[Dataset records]

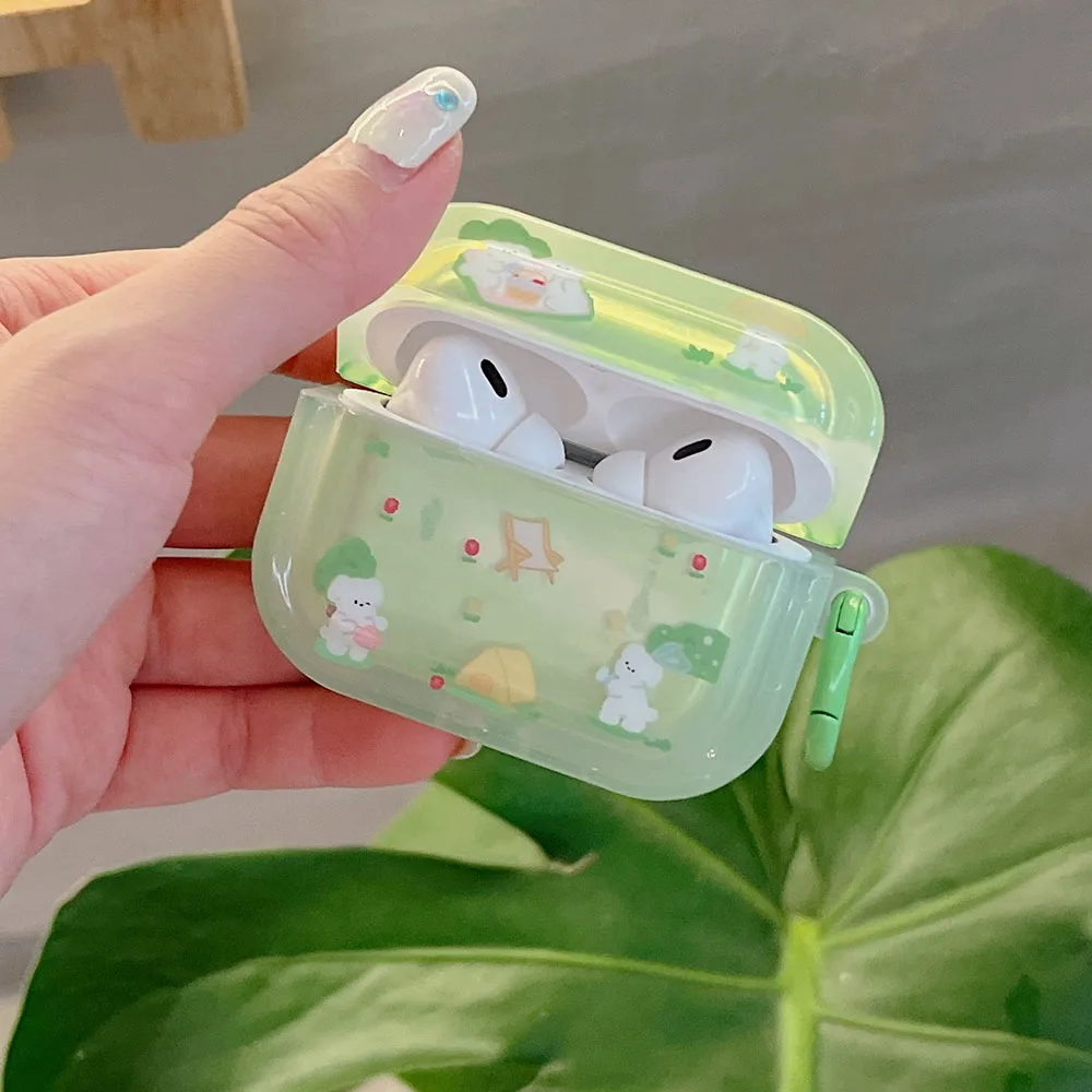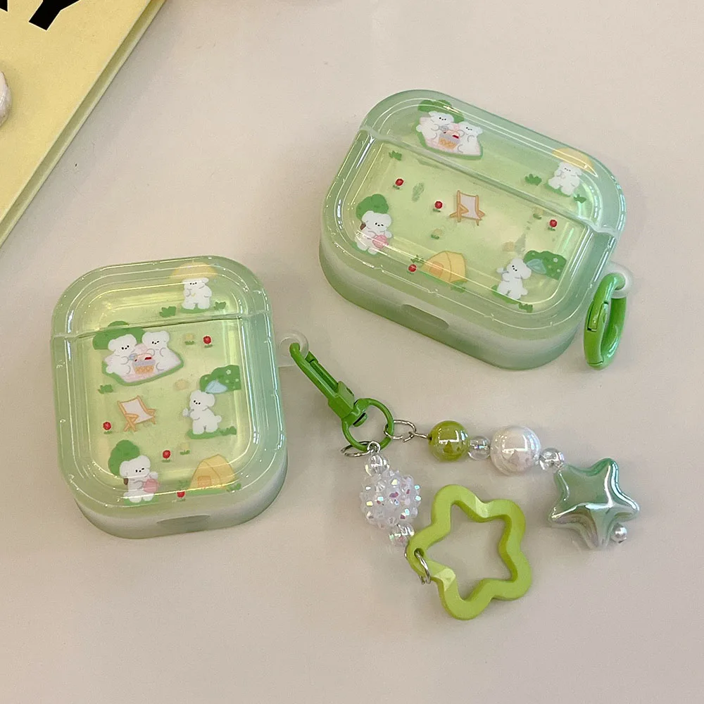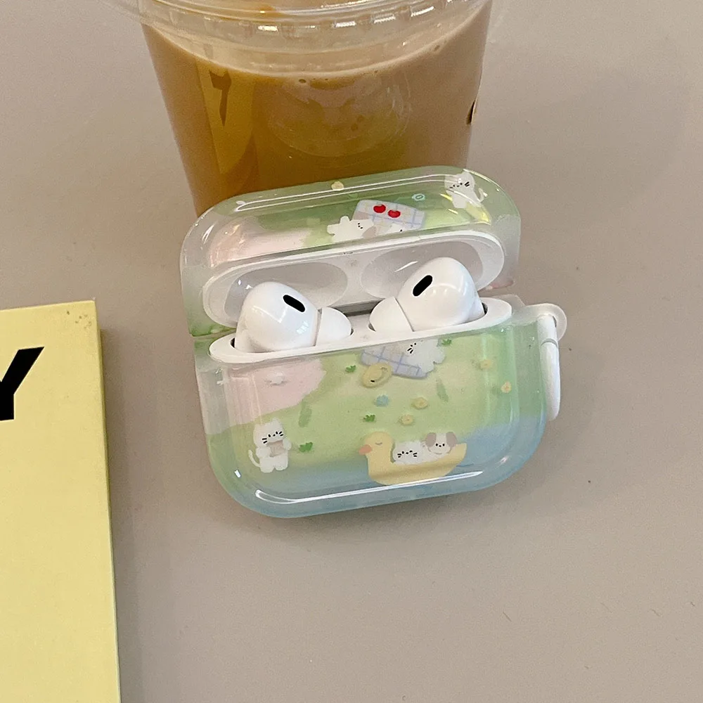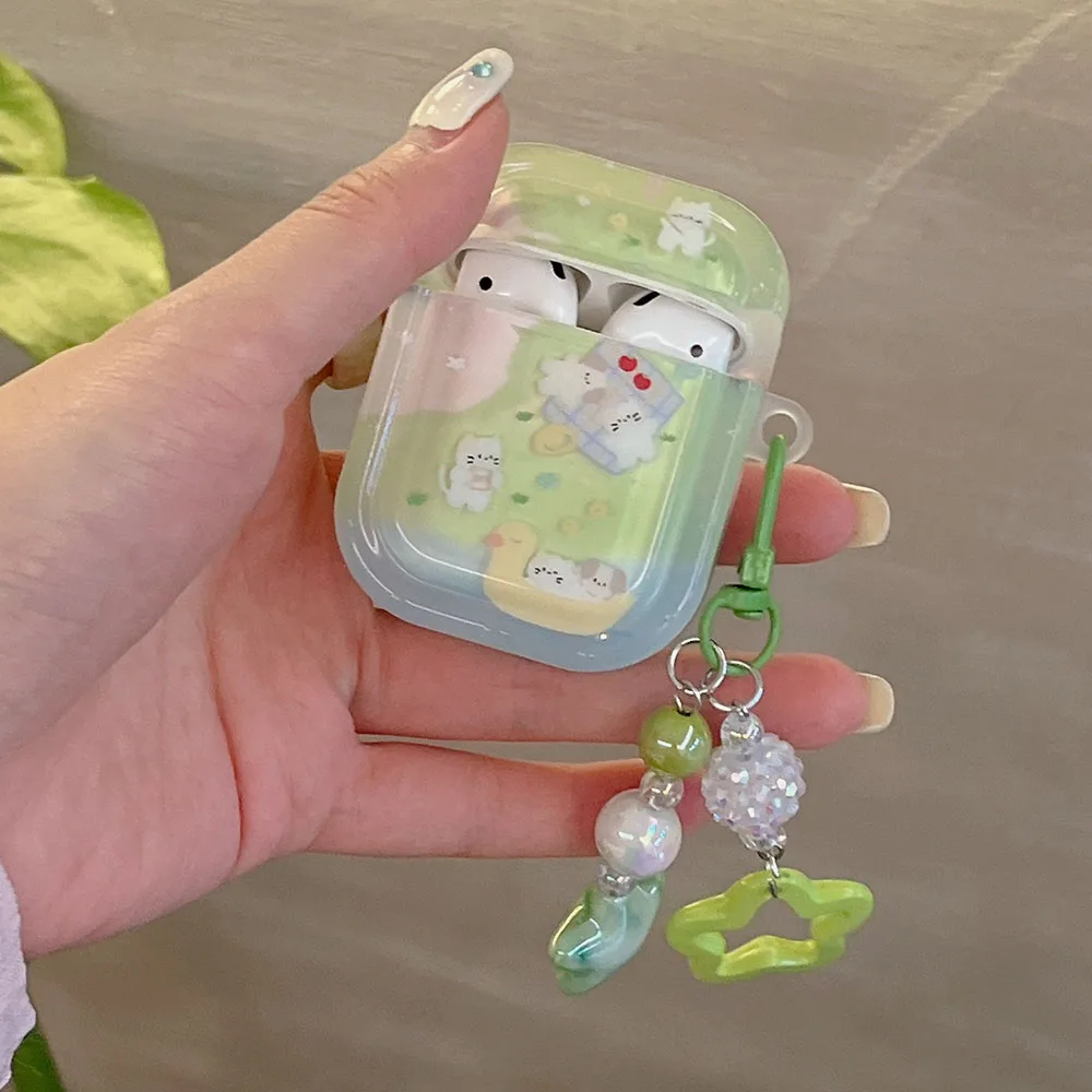 Grass dog cat flower cute clear capa for airpods 1 2 3 4 pro 2 bluetooth earphone case with decorate keyrchain soft lovely funda
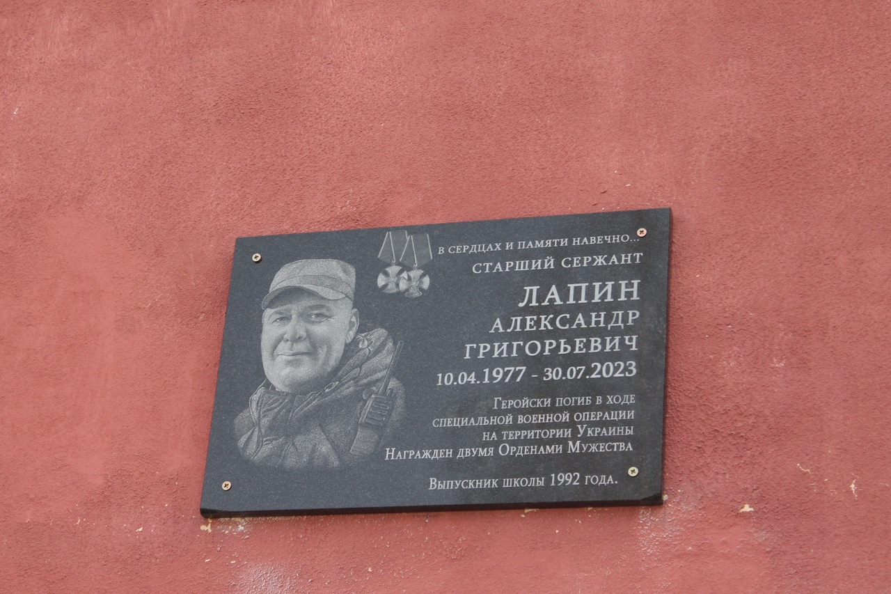 Сегодня, на фасаде школы №4 им. С.П. Лоскутова появились новая мемориальная доска. На ней — имя выпускника Александра Григорьевича ЛАПИНА, погибшего при выполнении воинского долга в ходе проведения специальной военной операции. Что символично, это памятное событие было организовано в день его рождения.
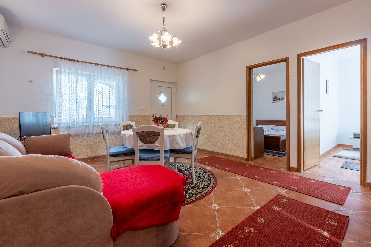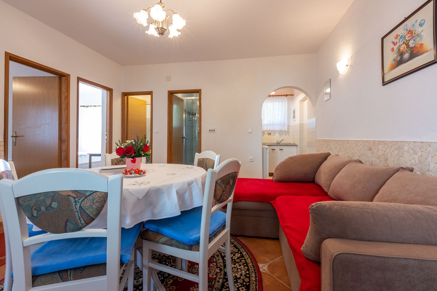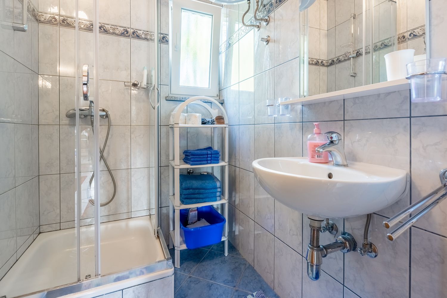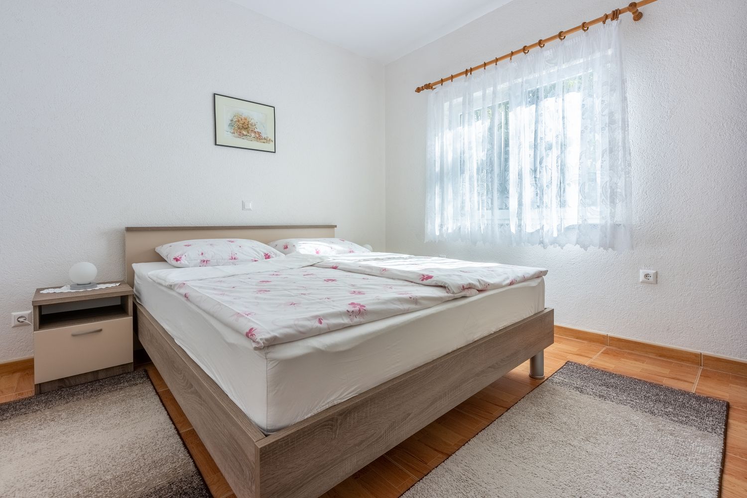 Die 55 m² große Ferienwohnung befindet sich im Erdgeschoss. Sie ist aufgeteilt in ein Wohn- und Esszimmer mit Kochnische, zwei Schlafzimmer mit jeweils einem Doppelbett, ein Badezimmer mit Dusche und eine separate Toilette. Vom Wohnbereich aus gelangt man auf die überdachte, schattige Terrasse.
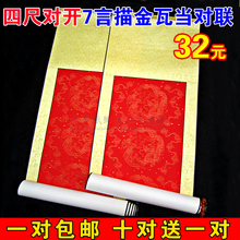 包邮空白卷轴宣纸画轴四尺对开万年红描龙对联书画卷轴大红对联
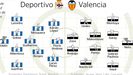 Con este sistema de juego, el técnico blanquiazul refuerza el medio del campo, al introducir un trivote, como sucedió en Villarreal, y deja a la velocidad y lucha de Andone y Lucas, y al virtuosismo de Adrián, la posibilidades en ataque para vencer a un Valencia que llega a Riazor tras reencontrarse con la victoria el pasado fin de semana después de tres derrotas consecutivas. Del Dépor y su tridente depende que vuelva al camino de los malos resultados.
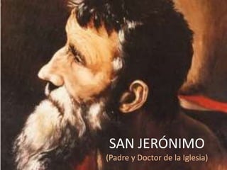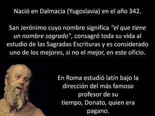 San Jerónimo nació en 342 en Dalmacia y dedicó su vida al estudio de las Escrituras. Tradujo la Biblia al latín (la Vulgata) para la Iglesia Católica. Pasó sus últimos 35 años en una gruta en Belén, donde fundó conventos y atrajo seguidores, antes de morir a los 80 años siendo reconocido como patrono de los estudios bíblicos.
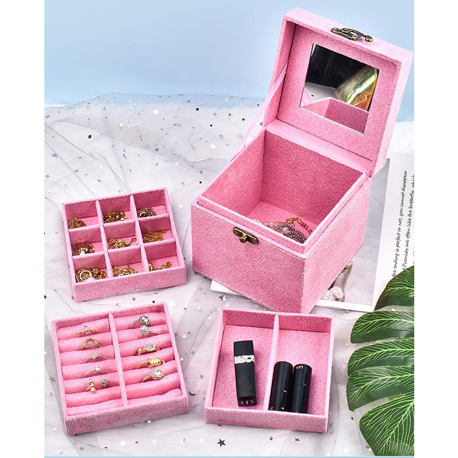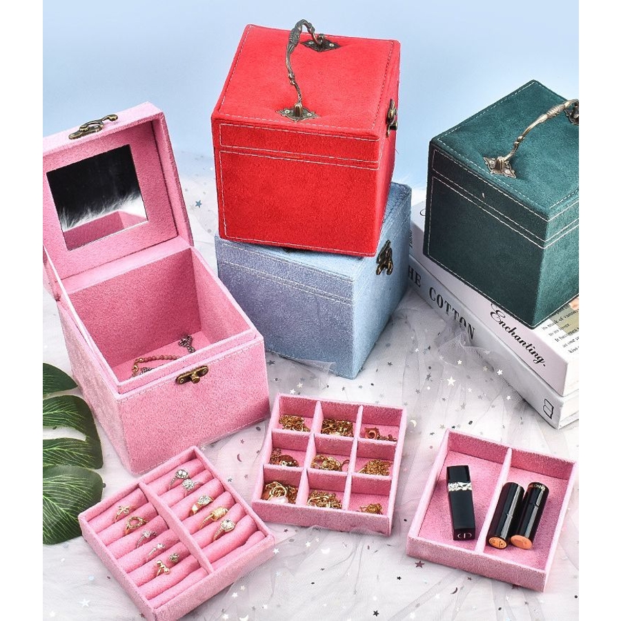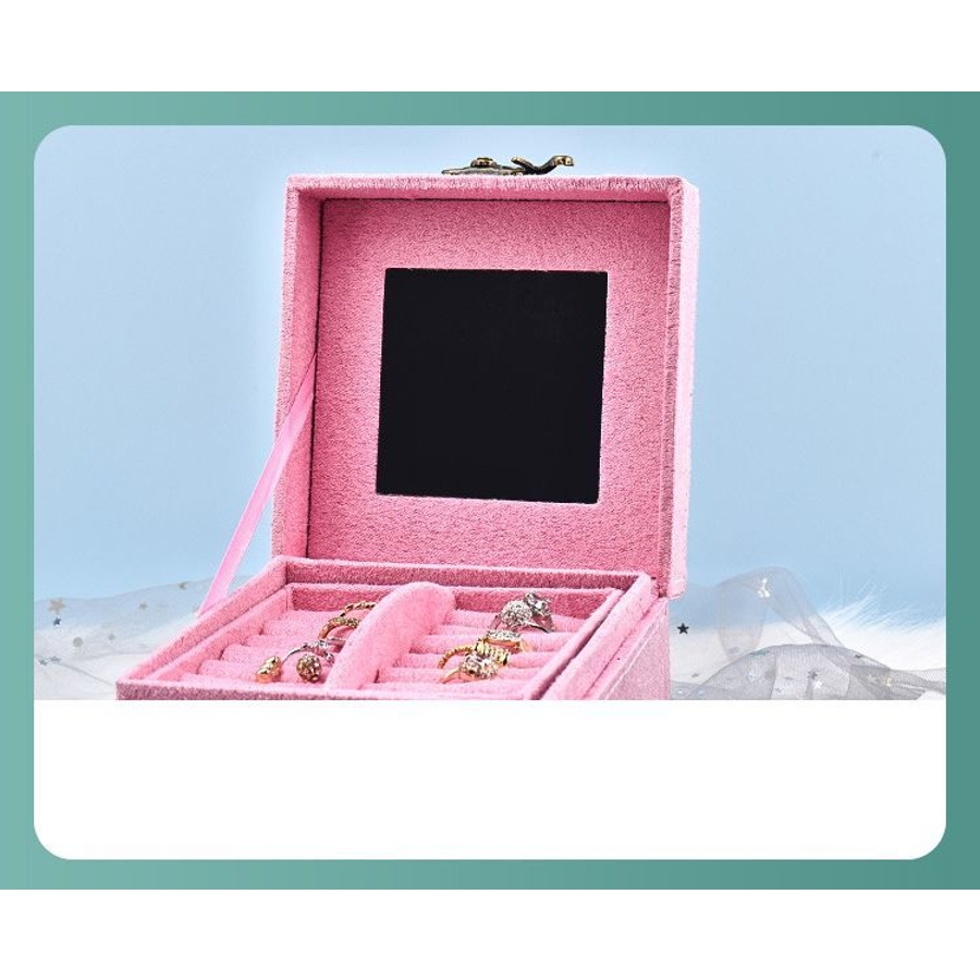 正方形スクエアキューブ型のミラー付きミニジュエリーボックスです。

**Work request:** Leave out the pictures, then give all the records again exactly.

**Expected answer:**
 Grass dog cat flower cute clear capa for airpods 1 2 3 4 pro 2 bluetooth earphone case with decorate keyrchain soft lovely funda
 Сегодня, на фасаде школы №4 им. С.П. Лоскутова появились новая мемориальная доска. На ней — имя выпускника Александра Григорьевича ЛАПИНА, погибшего при выполнении воинского долга в ходе проведения специальной военной операции. Что символично, это памятное событие было организовано в день его рождения.
 Die 55 m² große Ferienwohnung befindet sich im Erdgeschoss. Sie ist aufgeteilt in ein Wohn- und Esszimmer mit Kochnische, zwei Schlafzimmer mit jeweils einem Doppelbett, ein Badezimmer mit Dusche und eine separate Toilette. Vom Wohnbereich aus gelangt man auf die überdachte, schattige Terrasse.
 包邮空白卷轴宣纸画轴四尺对开万年红描龙对联书画卷轴大红对联
 Con este sistema de juego, el técnico blanquiazul refuerza el medio del campo, al introducir un trivote, como sucedió en Villarreal, y deja a la velocidad y lucha de Andone y Lucas, y al virtuosismo de Adrián, la posibilidades en ataque para vencer a un Valencia que llega a Riazor tras reencontrarse con la victoria el pasado fin de semana después de tres derrotas consecutivas. Del Dépor y su tridente depende que vuelva al camino de los malos resultados.
 San Jerónimo nació en 342 en Dalmacia y dedicó su vida al estudio de las Escrituras. Tradujo la Biblia al latín (la Vulgata) para la Iglesia Católica. Pasó sus últimos 35 años en una gruta en Belén, donde fundó conventos y atrajo seguidores, antes de morir a los 80 años siendo reconocido como patrono de los estudios bíblicos.
 正方形スクエアキューブ型のミラー付きミニジュエリーボックスです。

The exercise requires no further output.